▶ Action item
For the records below, output word for word the lines from the one with "- Step 2:Open" up to and including the one with "Ein Einzelbett (90x180". No pictures.

Records provided below:

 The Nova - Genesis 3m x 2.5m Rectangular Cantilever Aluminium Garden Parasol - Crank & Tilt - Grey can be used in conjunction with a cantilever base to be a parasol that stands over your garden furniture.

End of Records provided.
Records provided below:

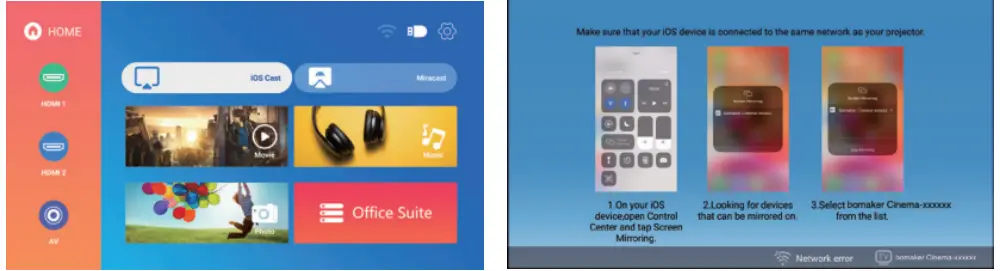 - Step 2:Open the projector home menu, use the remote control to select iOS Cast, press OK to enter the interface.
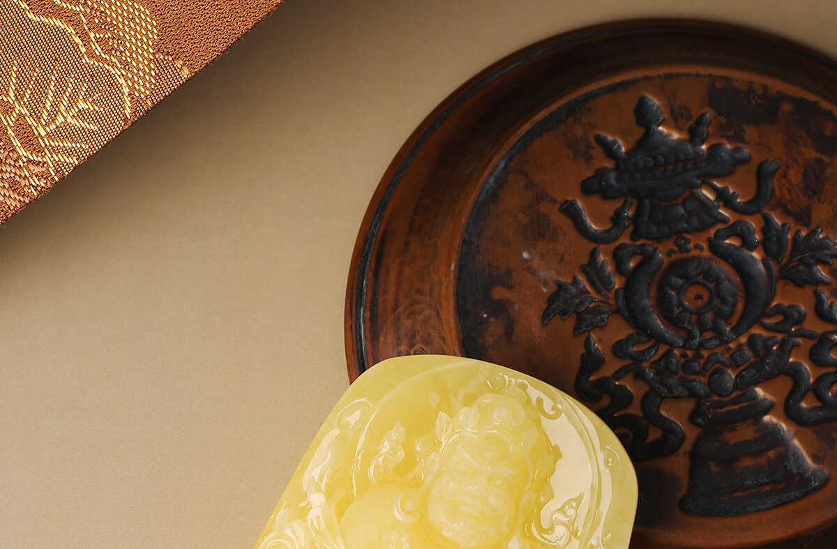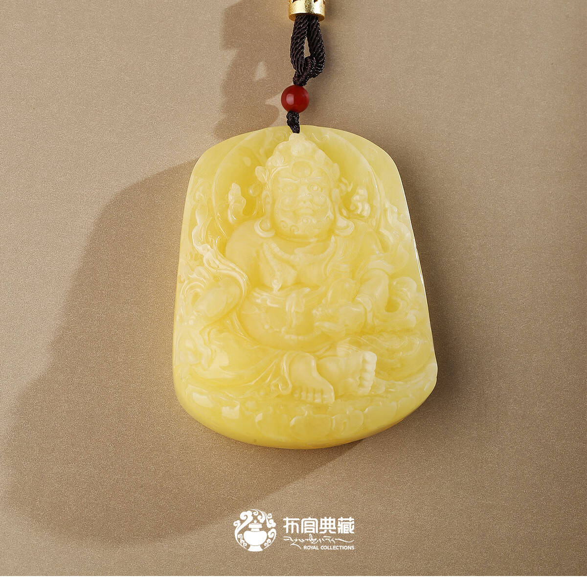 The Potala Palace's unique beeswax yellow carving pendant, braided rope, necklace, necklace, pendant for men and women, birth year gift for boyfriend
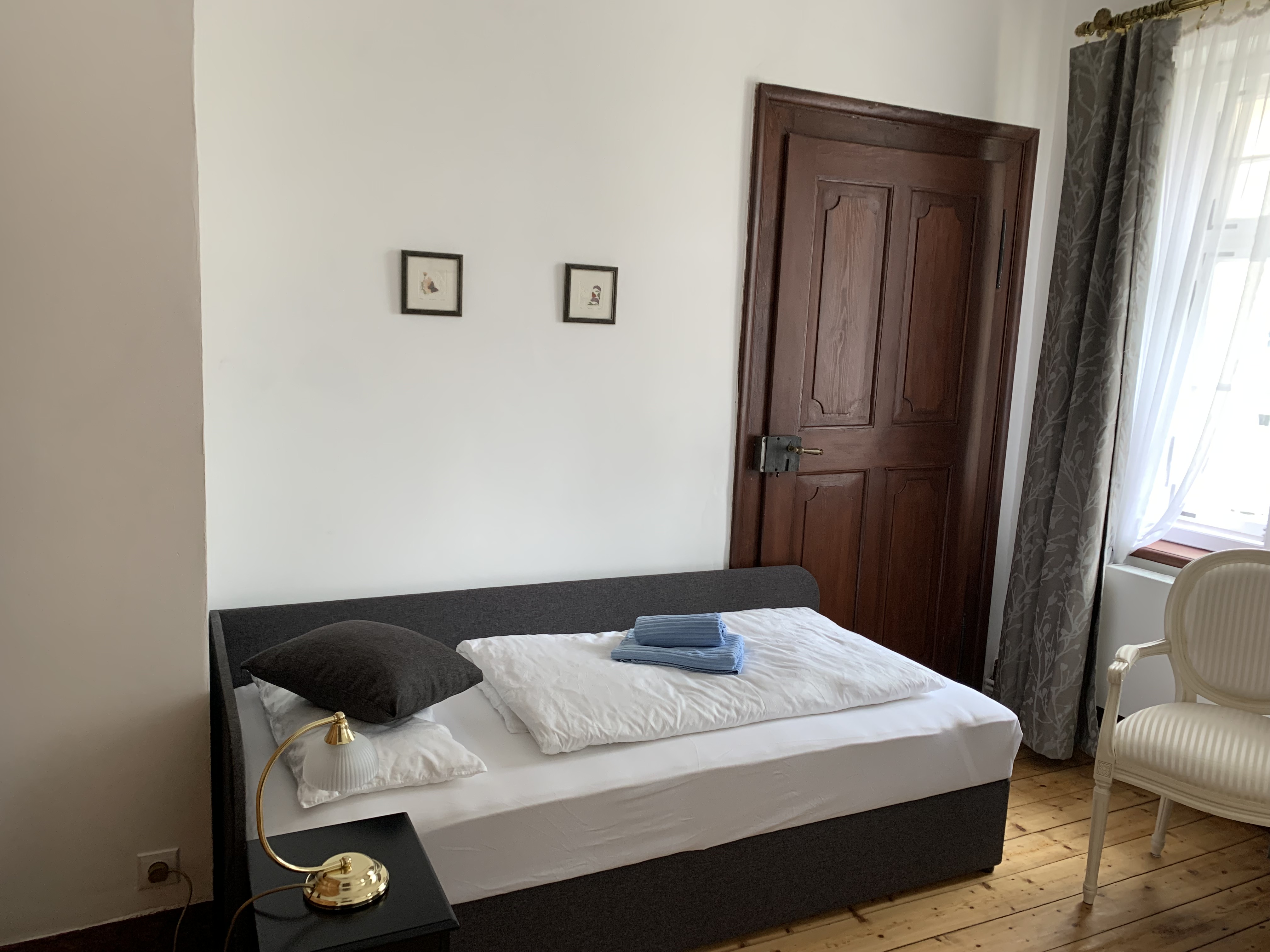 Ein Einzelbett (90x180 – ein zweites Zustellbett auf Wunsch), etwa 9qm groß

End of Records provided.

▶ Written response
 - Step 2:Open the projector home menu, use the remote control to select iOS Cast, press OK to enter the interface.
 The Potala Palace's unique beeswax yellow carving pendant, braided rope, necklace, necklace, pendant for men and women, birth year gift for boyfriend
 Ein Einzelbett (90x180 – ein zweites Zustellbett auf Wunsch), etwa 9qm groß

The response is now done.